Let $f:(0,\infty)\to\mathbb R$ be a differentiable function for which $f'\left(x\right)\cdot f'\left(\frac{1}{x}\right)<0$ for every $0<x\ne1$. Then $f'(1)=0$
I have this question, and I was wondering how to switch the fact the f is differentiable for every positive x into differentiable in a chosen interval that will help me with my proof.. I tried to make quiet a general interval in $[\frac{1}{x},x]$ but I'm afraid that I can't acctualy do that, and that it's not accurate..
d.

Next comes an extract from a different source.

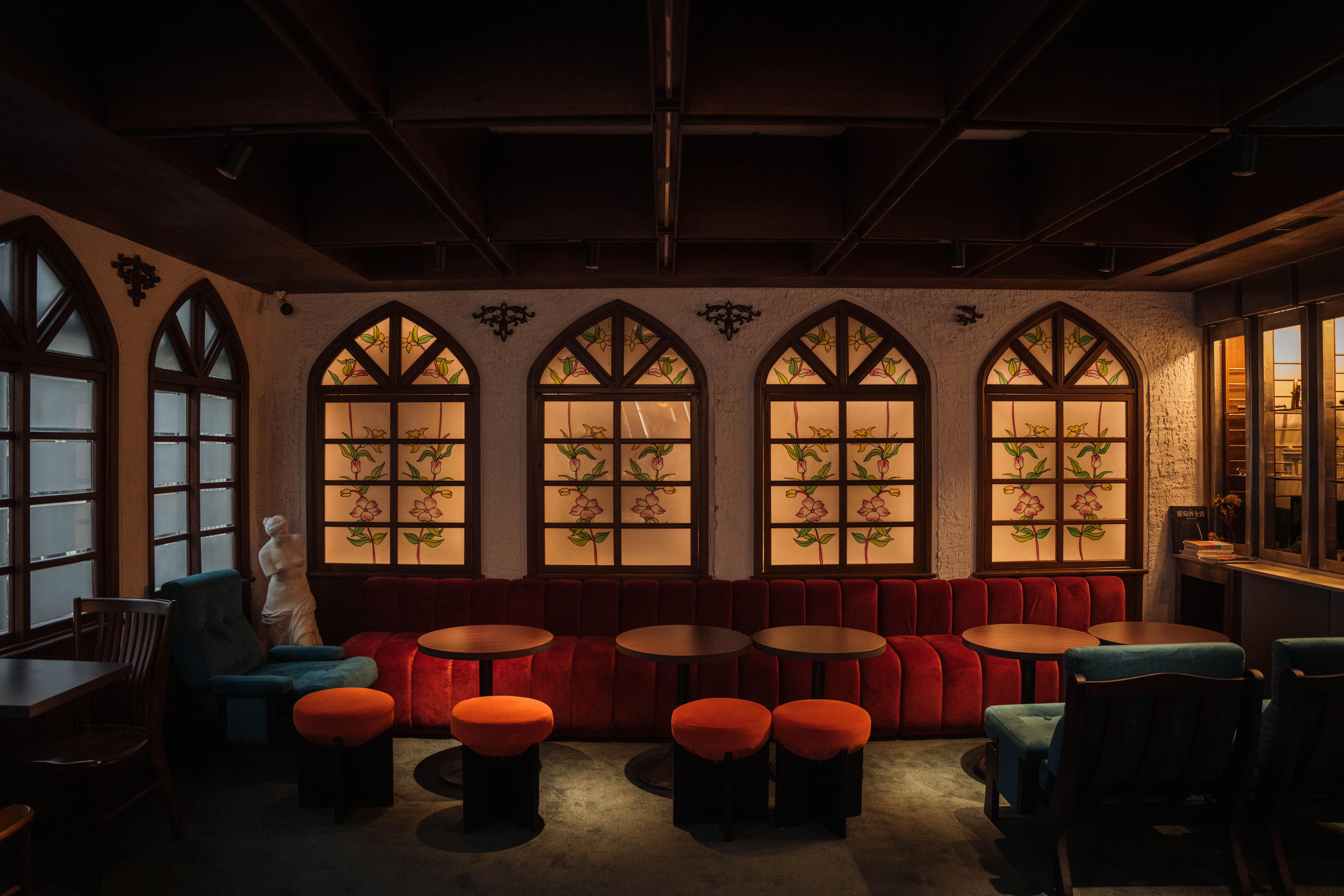 時光彷彿凝結在這個過去曾為 Raymond 祖父辦公客廳的所在處,天花板仍隱約透出檜木氣息,延續著家族經營半世紀來的腕錶事業軌跡,繼續以「時間」為核心,延續場域生命。走到酒吧裡面便能感受到與剛才提到的場域是全然不同的風格,這裡神秘之中卻帶有時間的沈穩。

True
We know $f$ is differential in $(0,\infty)$, therefore $f$ is also differentiable in the interval $[\frac{1}{x},x]$ for any $x ∈ R$ such that $0<\frac{1}{x}<1<x$.
Since $f'\left(x\right)\cdot f'\left(\frac{1}{x}\right)<0$, by Darboux's theorem there exist a point $c ∈ R$ such that
$\frac{1}{x} < c < x$ and $f'(c)=0$.
Assume toward contradiction that c ≠ 1, then we have $f'\left(c\right)\cdot f'\left(\frac{1}{c}\right)<0$.
But since $f'(c)=0$, we have $0 \cdot f'\left(\frac{1}{c}\right)<0 \ \ \ ➜ \ \ \ 0 < 0$. Contradiction!
Therefore $c = 1$ and $f'(1) = 0$.
As @Proxava said, your proof is OK.
You can also show that $f$ is strictly monotone on $(0,1] \ \& \ [1,+\infty)$, in opposite directions.